*Raw data*
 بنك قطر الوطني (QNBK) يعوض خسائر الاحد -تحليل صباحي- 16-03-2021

==

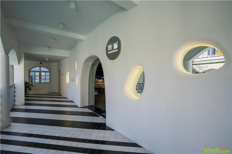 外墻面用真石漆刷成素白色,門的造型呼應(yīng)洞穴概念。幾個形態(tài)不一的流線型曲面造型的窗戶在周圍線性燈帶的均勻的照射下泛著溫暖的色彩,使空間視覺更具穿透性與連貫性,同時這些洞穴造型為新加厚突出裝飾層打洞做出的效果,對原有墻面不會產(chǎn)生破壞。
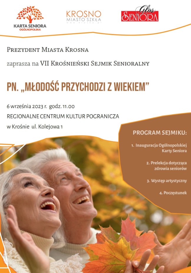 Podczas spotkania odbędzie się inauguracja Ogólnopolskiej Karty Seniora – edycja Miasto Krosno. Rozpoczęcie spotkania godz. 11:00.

...

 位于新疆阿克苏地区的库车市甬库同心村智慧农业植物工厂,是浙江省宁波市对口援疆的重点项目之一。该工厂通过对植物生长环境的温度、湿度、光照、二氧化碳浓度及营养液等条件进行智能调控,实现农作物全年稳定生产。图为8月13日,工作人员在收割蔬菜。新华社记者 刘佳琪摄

*Exercise prompt*
With pictures omitted, repeat the entries above word for word from the line holding "外墻面用真石漆刷成素白色,門" down to the line holding "Podczas spotkania odbędzie", keeping both of those lines.

*Task output*
 外墻面用真石漆刷成素白色,門的造型呼應(yīng)洞穴概念。幾個形態(tài)不一的流線型曲面造型的窗戶在周圍線性燈帶的均勻的照射下泛著溫暖的色彩,使空間視覺更具穿透性與連貫性,同時這些洞穴造型為新加厚突出裝飾層打洞做出的效果,對原有墻面不會產(chǎn)生破壞。
 Podczas spotkania odbędzie się inauguracja Ogólnopolskiej Karty Seniora – edycja Miasto Krosno. Rozpoczęcie spotkania godz. 11:00.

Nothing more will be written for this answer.